172 Furthermore, the Commission’s refusal to allow the applicant a reduction for fulfilling the requirements of the two indents of Section D 2 of the notice infringes the principle of equal treatment in so far as it is inconsistent with the Commission’s past decisions. In this connection the applicant mentions the British Sugar decision (paragraph 46 above) and Commission Decision 1999/271/EC of 9 December 1998 relating to a proceeding pursuant to Article 85 of the EC Treaty (IV/34.466 – Greek Ferries) (OJ 1999 L 109, p. 24), in which the undertakings British Sugar and Anek respectively were granted reductions of 50% and 45% in their fines for fulfilling simultaneously the conditions of the first and second indents of Section D 2 of the Leniency Notice.
173 The defendant contests the applicant’s claim to a reduction in its fine of more than 35% under Section D of the Leniency Notice. The defendant contends that the 35% reduction allowed takes account also of the fact that the applicant did not contest the facts. In recital 754 of the Decision (see paragraph 20 above) it is stated that the applicant did not contest the facts. A correct reading of that recital shows that the two possibilities envisaged are, first, that an undertaking has contributed to establishing the existence of the infringements and did not substantially contest the facts, and, second, that it did not substantially contest the facts without contributing to establishing the existence of the infringements. That is the reading which must be followed in view of the context of the sentence and the Decision as a whole, from which it is clear that, whilst none of the companies substantially contested the facts, some of them did not fulfil the condition of contributing to establishing the infringements in relation to certain vitamin products. Indeed, the level of the reduction granted to Roche and BASF confirms that the applicant’s interpretation of the Decision is wrong. If it were correct, the reductions accorded to Roche and BASF would not have taken account of the fact that they did not substantially contest the facts relating to the infringements imputed to them and the Commission’s grant of a 50% reduction to each of them would be illogical because they would have been given the maximum reduction on the basis of Section D even if not all the conditions set out in that section had been fulfilled.

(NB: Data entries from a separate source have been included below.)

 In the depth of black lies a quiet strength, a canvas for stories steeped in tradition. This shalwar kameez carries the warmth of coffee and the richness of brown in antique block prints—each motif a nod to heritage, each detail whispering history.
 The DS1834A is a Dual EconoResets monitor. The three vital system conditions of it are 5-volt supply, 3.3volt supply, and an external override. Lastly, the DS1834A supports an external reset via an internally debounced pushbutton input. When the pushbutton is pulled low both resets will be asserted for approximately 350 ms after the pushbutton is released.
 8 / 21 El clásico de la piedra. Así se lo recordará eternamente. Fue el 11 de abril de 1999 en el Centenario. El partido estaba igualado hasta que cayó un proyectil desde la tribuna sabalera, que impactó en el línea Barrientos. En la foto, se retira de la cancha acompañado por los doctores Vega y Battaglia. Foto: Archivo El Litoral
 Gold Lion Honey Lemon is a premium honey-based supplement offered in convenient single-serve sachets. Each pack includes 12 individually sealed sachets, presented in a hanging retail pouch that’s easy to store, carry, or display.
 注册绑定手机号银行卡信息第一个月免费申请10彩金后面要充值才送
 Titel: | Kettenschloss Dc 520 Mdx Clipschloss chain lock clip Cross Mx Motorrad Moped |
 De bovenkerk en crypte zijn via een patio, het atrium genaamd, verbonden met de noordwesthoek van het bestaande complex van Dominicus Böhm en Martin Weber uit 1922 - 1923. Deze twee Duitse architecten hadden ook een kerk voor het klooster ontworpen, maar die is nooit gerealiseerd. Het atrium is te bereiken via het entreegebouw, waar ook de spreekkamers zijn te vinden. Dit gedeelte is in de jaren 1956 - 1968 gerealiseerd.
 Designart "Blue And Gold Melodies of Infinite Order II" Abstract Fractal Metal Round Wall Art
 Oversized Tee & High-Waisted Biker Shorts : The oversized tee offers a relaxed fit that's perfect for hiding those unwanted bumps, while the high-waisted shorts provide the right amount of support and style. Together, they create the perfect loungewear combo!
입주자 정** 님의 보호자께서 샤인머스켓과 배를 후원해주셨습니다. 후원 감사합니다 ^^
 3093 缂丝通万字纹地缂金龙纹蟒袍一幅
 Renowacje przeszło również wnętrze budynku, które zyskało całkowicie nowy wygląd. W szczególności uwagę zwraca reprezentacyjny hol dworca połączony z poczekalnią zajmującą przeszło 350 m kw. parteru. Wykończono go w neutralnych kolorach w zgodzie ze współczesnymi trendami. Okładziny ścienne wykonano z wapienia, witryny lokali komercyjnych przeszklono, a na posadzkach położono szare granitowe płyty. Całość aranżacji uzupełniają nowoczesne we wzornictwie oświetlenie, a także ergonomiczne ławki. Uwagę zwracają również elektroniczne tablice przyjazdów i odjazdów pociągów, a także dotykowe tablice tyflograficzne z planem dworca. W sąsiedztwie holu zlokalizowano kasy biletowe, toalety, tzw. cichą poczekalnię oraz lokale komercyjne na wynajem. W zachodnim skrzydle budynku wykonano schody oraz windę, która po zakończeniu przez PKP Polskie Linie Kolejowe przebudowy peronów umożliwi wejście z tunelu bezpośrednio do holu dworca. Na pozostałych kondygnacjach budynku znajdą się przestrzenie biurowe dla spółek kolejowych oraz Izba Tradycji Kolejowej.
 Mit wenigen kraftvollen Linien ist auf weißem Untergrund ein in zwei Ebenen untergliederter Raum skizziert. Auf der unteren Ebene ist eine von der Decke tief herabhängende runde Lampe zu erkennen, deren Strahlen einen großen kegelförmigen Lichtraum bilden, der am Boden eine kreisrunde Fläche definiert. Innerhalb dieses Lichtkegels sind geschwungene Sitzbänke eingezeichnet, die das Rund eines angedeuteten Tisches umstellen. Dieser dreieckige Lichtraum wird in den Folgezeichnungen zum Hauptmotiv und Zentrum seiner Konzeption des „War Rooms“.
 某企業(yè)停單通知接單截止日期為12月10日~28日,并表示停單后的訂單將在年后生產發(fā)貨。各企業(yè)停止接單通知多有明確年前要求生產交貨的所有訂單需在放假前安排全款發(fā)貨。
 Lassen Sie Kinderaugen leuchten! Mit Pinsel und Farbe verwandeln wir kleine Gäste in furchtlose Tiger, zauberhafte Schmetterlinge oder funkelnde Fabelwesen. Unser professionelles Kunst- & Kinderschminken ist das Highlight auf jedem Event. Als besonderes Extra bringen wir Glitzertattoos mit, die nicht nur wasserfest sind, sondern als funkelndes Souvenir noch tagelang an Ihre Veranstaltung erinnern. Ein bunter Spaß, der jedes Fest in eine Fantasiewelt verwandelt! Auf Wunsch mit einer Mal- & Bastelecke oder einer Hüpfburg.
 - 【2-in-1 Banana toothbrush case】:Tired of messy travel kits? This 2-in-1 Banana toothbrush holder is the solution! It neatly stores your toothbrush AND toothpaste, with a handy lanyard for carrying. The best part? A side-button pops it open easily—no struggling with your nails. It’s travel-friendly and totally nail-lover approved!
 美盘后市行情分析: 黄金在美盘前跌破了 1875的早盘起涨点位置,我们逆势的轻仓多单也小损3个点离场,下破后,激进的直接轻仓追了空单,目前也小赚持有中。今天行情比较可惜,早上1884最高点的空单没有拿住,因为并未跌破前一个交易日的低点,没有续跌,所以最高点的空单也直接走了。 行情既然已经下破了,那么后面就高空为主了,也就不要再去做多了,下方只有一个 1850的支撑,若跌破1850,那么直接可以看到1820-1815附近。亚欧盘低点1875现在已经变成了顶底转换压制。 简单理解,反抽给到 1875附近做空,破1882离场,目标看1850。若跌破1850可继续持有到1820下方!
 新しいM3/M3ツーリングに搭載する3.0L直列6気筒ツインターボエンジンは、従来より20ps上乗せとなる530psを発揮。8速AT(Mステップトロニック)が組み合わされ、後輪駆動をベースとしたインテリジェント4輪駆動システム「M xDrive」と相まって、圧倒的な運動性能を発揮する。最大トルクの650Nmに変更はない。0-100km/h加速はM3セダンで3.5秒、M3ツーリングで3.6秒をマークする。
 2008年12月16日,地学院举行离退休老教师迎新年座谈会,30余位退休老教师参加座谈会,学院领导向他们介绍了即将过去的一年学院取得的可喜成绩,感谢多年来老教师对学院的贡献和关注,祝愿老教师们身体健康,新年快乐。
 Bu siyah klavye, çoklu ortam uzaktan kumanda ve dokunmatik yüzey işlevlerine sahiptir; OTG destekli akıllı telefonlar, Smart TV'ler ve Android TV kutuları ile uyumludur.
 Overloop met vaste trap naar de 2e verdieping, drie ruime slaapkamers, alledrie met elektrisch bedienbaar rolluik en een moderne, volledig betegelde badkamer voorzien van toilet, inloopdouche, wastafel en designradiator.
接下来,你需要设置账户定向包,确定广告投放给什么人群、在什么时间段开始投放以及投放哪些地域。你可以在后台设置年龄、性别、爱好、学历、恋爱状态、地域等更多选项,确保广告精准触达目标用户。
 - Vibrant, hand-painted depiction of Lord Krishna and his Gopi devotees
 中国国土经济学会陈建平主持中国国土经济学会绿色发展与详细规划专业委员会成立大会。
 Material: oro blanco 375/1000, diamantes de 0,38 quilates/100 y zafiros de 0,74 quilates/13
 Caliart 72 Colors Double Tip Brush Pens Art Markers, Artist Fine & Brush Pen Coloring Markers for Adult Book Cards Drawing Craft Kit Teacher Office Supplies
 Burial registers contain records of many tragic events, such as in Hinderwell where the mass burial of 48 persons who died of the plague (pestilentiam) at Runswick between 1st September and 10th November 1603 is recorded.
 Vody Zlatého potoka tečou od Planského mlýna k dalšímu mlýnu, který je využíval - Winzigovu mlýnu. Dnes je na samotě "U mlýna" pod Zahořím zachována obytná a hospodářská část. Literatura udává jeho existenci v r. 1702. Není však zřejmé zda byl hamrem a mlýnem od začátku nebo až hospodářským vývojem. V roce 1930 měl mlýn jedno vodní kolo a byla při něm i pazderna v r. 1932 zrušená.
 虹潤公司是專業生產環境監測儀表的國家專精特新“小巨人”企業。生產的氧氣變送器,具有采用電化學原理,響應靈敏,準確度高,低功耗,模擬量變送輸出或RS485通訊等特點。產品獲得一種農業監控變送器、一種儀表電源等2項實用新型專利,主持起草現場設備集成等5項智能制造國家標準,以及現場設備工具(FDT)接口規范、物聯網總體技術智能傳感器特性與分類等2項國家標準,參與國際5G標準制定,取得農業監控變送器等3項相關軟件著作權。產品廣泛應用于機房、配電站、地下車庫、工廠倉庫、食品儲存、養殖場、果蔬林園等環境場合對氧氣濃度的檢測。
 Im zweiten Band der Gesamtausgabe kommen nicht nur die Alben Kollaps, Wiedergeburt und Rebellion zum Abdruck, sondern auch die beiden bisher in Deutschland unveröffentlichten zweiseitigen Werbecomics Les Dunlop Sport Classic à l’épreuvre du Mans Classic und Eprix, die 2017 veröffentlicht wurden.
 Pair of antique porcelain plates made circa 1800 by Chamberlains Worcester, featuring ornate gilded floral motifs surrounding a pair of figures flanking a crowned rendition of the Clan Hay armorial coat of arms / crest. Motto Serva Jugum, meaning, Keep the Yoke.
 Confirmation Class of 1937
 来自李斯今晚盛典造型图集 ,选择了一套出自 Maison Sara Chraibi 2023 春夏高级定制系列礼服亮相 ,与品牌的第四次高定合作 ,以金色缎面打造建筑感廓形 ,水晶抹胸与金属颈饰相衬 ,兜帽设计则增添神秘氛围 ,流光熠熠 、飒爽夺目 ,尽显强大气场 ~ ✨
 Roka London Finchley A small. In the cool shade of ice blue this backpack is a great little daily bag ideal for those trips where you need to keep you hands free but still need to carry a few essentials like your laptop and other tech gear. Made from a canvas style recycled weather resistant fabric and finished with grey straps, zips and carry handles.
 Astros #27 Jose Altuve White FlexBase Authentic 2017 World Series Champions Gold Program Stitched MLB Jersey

174 The defendant merely omitted to refer once again, in recital 764, to Section D 2, second indent, but the terms of recital 764 refer generally to the applicant’s cooperation with the Commission.
Findings of the Court
175 Section D of the Leniency Notice provides:
‘1. Where an enterprise cooperates without having met all the conditions set out in Sections B or C, it will benefit from a reduction of 10% to 50% of the fine that would have been imposed if it had not cooperated.
2. Such cases may include the following:
– before a statement of objections is sent, an enterprise provides the Commission with information, documents or other evidence which materially contribute to establishing the existence of the infringement;
– after receiving a statement of objections, an enterprise informs the Commission that it does not substantially contest the facts on which the Commission bases its allegations.’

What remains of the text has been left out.